Appraising the electrocatalytic performance of beta-cyclodextrin embellished supramolecular recognition system for pernicious food colorants

Abstract

The current research presents the evaluation of supramolecular proficiency of the designed platform for electrocatalytic determination of pernicious food colorants, amaranth and fast green. The approach involving surface modification of glassy carbon electrode with beta cyclodextrin decorated strontium ferrite reduced graphene oxide nanocomposite (SFrGO-βCD) to ensure fast and reversible electro-oxidation of hydroxyl groups of the colorant molecules. The synergy between SF and rGO facilitated the sensor with enhanced surface area and conductivity through faradic redox reaction.

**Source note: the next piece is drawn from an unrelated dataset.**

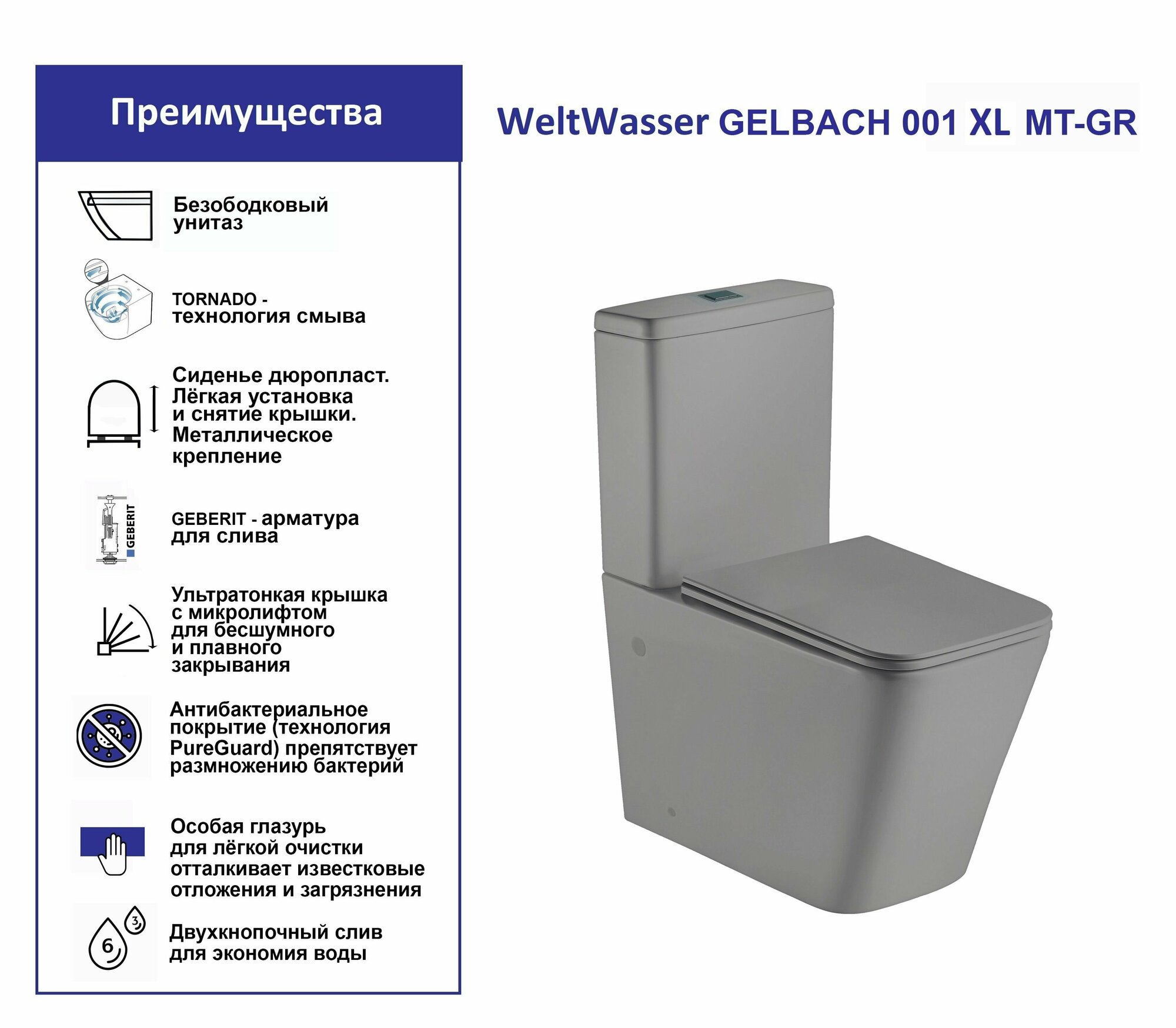 Унитаз компакт WeltWasser WW GELBACH XL 001 MT-GR серый матовый

Tremendous decrease in the obtained values of peak separation potential and impedance as manifested in CV and EIS analysis, enabled by electrostatic interactions between surface functionalities of rGO and βCD has resulted in the significant augmentation of sensitivity. The value of charge transfer coefficient, number of electrons involved, nature of electron transport process at electrode electrolyte interface during the analysis of electrochemical detection were explored through CV experiments. Food samples analysis (without spiking) utilizing screen printed electrode manifested the sensor as portable device for real time monitoring. Outstanding detection limit (0.022 nM for amaranth and 0.051 nM for fast green), excellent regenerability (Relative standard deviation less than 3%) and apparent recovery rate (above 90%) of the modified electrode presented a colossal potential for the development of sustainable and commercially competitive electrochemical sensor in food sector.